Congratulations, everyone. As someone whose partner is entering 4th year medical school, I admire your resilience and dedication to your field and have incredible respect for the volumes of books you must absorb literally every week. I can't imagine what you all must be feeling now that you're done with this era of your med-school education!
Totally. As someone whose partner just finished residency in her own country, and who wants to go through it all over again in the USA, I'm just like... you people are crazy, LOL. She's studying 12 hours a day and she still feels like she needs to do more.
Again? I guess you can just imagine it as one of those surgical residencies where, after you finish with gen. surgery, you do another residency for your specialization. =)
Again? I guess you can just imagine it as one of those surgical residencies where, after you finish with gen. surgery, you do another residency for your specialization. =)
I sat in on a study session once while they were prepping for a second-year exam - not the step 1 or step 2, just one exam of many they needed to take for that one class - and they started at the beginning of what must have been a 1200+ page, information-dense textbook and they finished it the following day, 4 wall-length white boards full of tiny notes and diagrams. My boss, head of the Anatomy Lab, was sharing her story about how she got her PhD in Anatomy and neuroscience and said she considered going into med school but felt she wasn't smart enough. I was like...seriously?

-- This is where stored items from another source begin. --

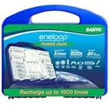 eneloop NEW Power Pack, 2000mAh Typical, 1900mAh Minimum, 1500 cycle, 8AA, 2AAA, 2 "C" and 2 "D" Spacers, 4 Position Charger, and Storage Case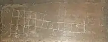 The game was popular among all social classes.[4] A graffito version of the game carved with a sharp object, possibly a dagger, was discovered on one of the human-headed winged bull gate sentinels from the palace of Sargon II (721–705 BC) in the city of Khorsabad.[4][5]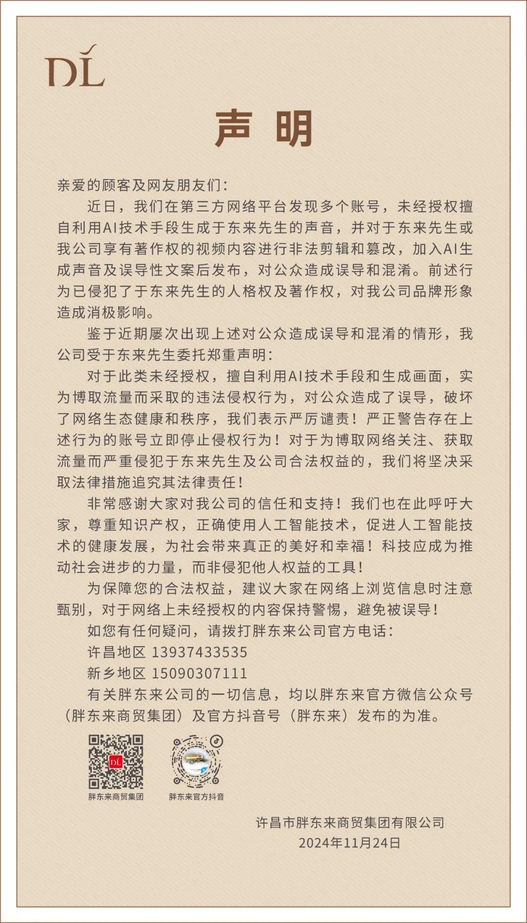 此前,胖东来在11月24日曾发布声明称,近日,该集团在第三方网络平台发现多个账号,未经授权擅自利用AI技术手段生成于东来的声音,并对于东来或胖东来商贸集团享有著作权的视频内容进行非法剪辑和篡改,加入AI生成声音及误导性文案后发布,对公众造成误导和混淆。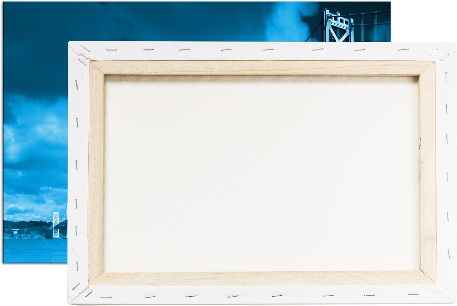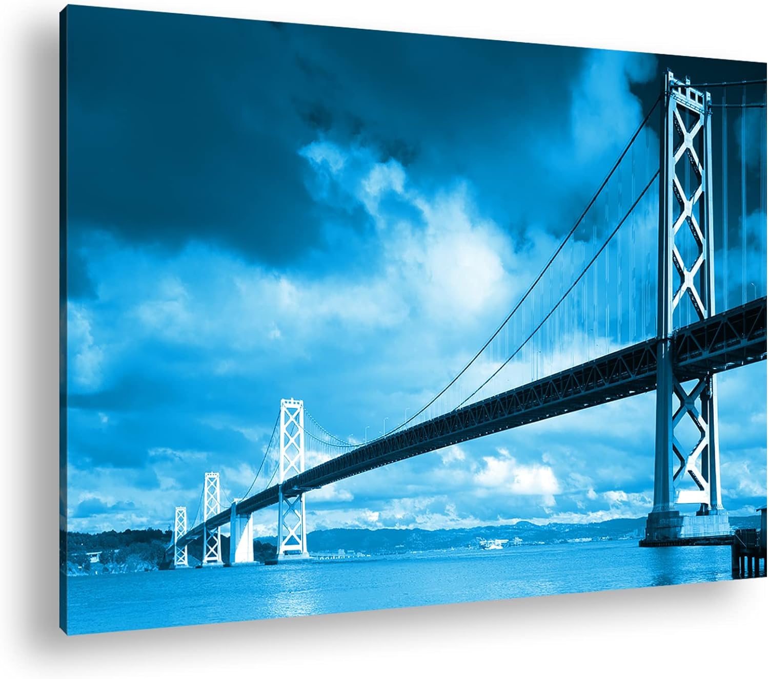 deyoli Hängebrücke im Kalifornien Format 80x60 Effekt: Monocrome Blau als Leinwandbild, Motiv fertig

I'd buy all of you a round of your favorite beverage if I could.
Basically, she completed a radiology residency in her home country of Mexico, but feels like she was not properly trained to handle being a radiologist in the States. So right now she's studying like mad for Step 1, with the goal of doing a rad residency again here in the US. It's been an intense process. I really admire her tenacity.
And to think how much more you have to know as opposed to MDs from years before, when medical knowledge was guaranteed already dense. You have teachers who are PhDs in one specific field teaching everything they know to med students who have to learn it from multiple PhDs in their respective fields. It's madness, I say. Madness!Being in medical school is almost like those scenes in the Matrix where they download information into their brain. Except it takes a lot longer and we have to do a shitload of work to get the information in there. But seriously, you go into a topic knowing nothing and then 2 weeks later you know "everything". It's a wild process.